Required action
Retype the material that follows exactly, limited to the lines from the one with "- Вариант В" through the one with "Lampička Pusheen –", and keep out all pictures.

Data provided
--
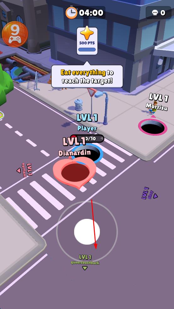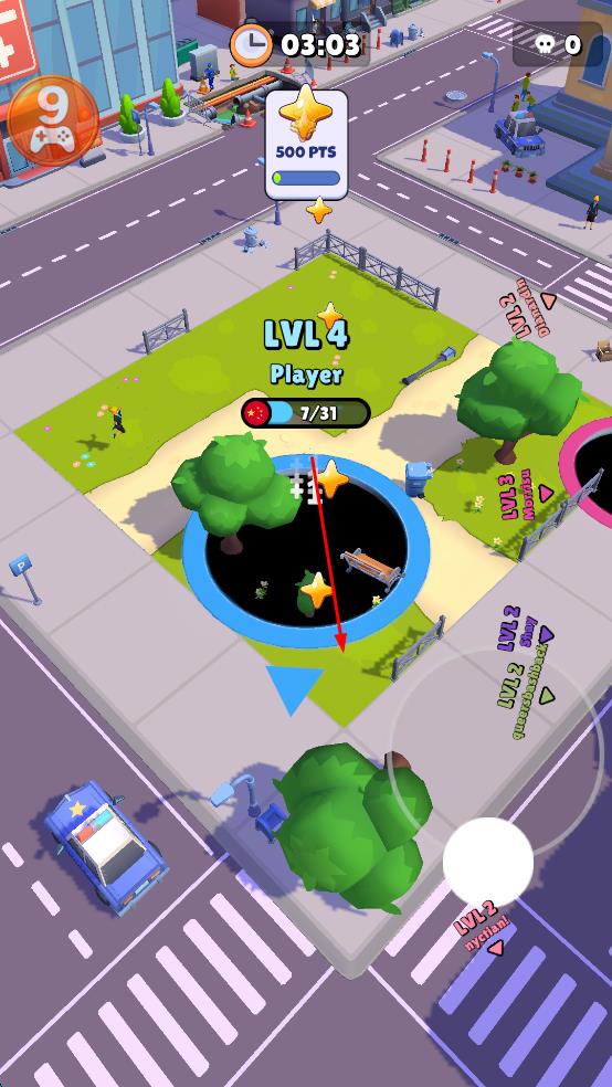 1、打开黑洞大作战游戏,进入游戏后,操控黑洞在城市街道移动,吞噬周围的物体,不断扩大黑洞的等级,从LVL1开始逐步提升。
--
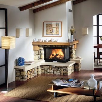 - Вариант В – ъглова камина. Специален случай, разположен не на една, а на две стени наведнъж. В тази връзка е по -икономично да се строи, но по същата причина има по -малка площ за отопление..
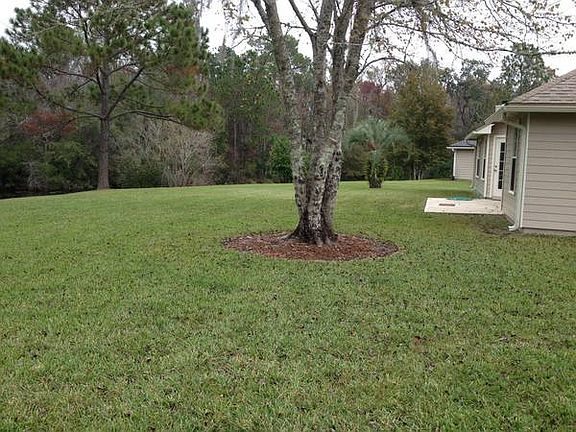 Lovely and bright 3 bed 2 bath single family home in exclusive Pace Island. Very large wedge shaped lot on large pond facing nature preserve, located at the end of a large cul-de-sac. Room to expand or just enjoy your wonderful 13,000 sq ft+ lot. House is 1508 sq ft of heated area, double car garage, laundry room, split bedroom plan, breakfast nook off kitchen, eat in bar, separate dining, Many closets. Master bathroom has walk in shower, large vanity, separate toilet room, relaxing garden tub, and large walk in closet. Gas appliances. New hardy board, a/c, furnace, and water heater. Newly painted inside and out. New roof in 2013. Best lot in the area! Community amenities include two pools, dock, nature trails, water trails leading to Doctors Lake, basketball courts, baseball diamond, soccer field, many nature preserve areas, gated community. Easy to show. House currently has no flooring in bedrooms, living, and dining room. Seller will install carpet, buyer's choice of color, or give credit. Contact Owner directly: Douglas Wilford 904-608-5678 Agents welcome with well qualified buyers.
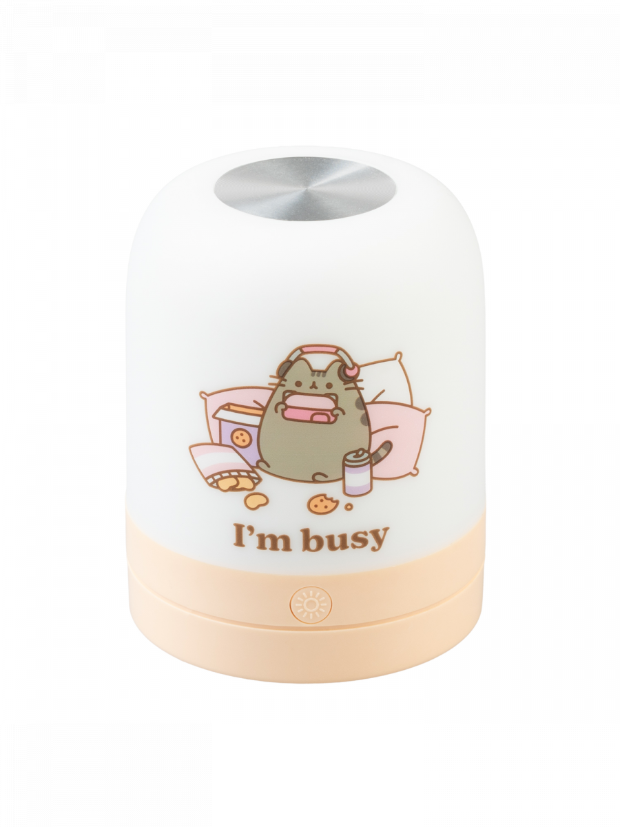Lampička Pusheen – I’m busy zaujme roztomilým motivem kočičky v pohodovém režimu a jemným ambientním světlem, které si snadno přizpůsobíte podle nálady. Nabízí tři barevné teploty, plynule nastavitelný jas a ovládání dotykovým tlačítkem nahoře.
--
Written response
 - Вариант В – ъглова камина. Специален случай, разположен не на една, а на две стени наведнъж. В тази връзка е по -икономично да се строи, но по същата причина има по -малка площ за отопление..
 Lovely and bright 3 bed 2 bath single family home in exclusive Pace Island. Very large wedge shaped lot on large pond facing nature preserve, located at the end of a large cul-de-sac. Room to expand or just enjoy your wonderful 13,000 sq ft+ lot. House is 1508 sq ft of heated area, double car garage, laundry room, split bedroom plan, breakfast nook off kitchen, eat in bar, separate dining, Many closets. Master bathroom has walk in shower, large vanity, separate toilet room, relaxing garden tub, and large walk in closet. Gas appliances. New hardy board, a/c, furnace, and water heater. Newly painted inside and out. New roof in 2013. Best lot in the area! Community amenities include two pools, dock, nature trails, water trails leading to Doctors Lake, basketball courts, baseball diamond, soccer field, many nature preserve areas, gated community. Easy to show. House currently has no flooring in bedrooms, living, and dining room. Seller will install carpet, buyer's choice of color, or give credit. Contact Owner directly: Douglas Wilford 904-608-5678 Agents welcome with well qualified buyers.
Lampička Pusheen – I’m busy zaujme roztomilým motivem kočičky v pohodovém režimu a jemným ambientním světlem, které si snadno přizpůsobíte podle nálady. Nabízí tři barevné teploty, plynule nastavitelný jas a ovládání dotykovým tlačítkem nahoře.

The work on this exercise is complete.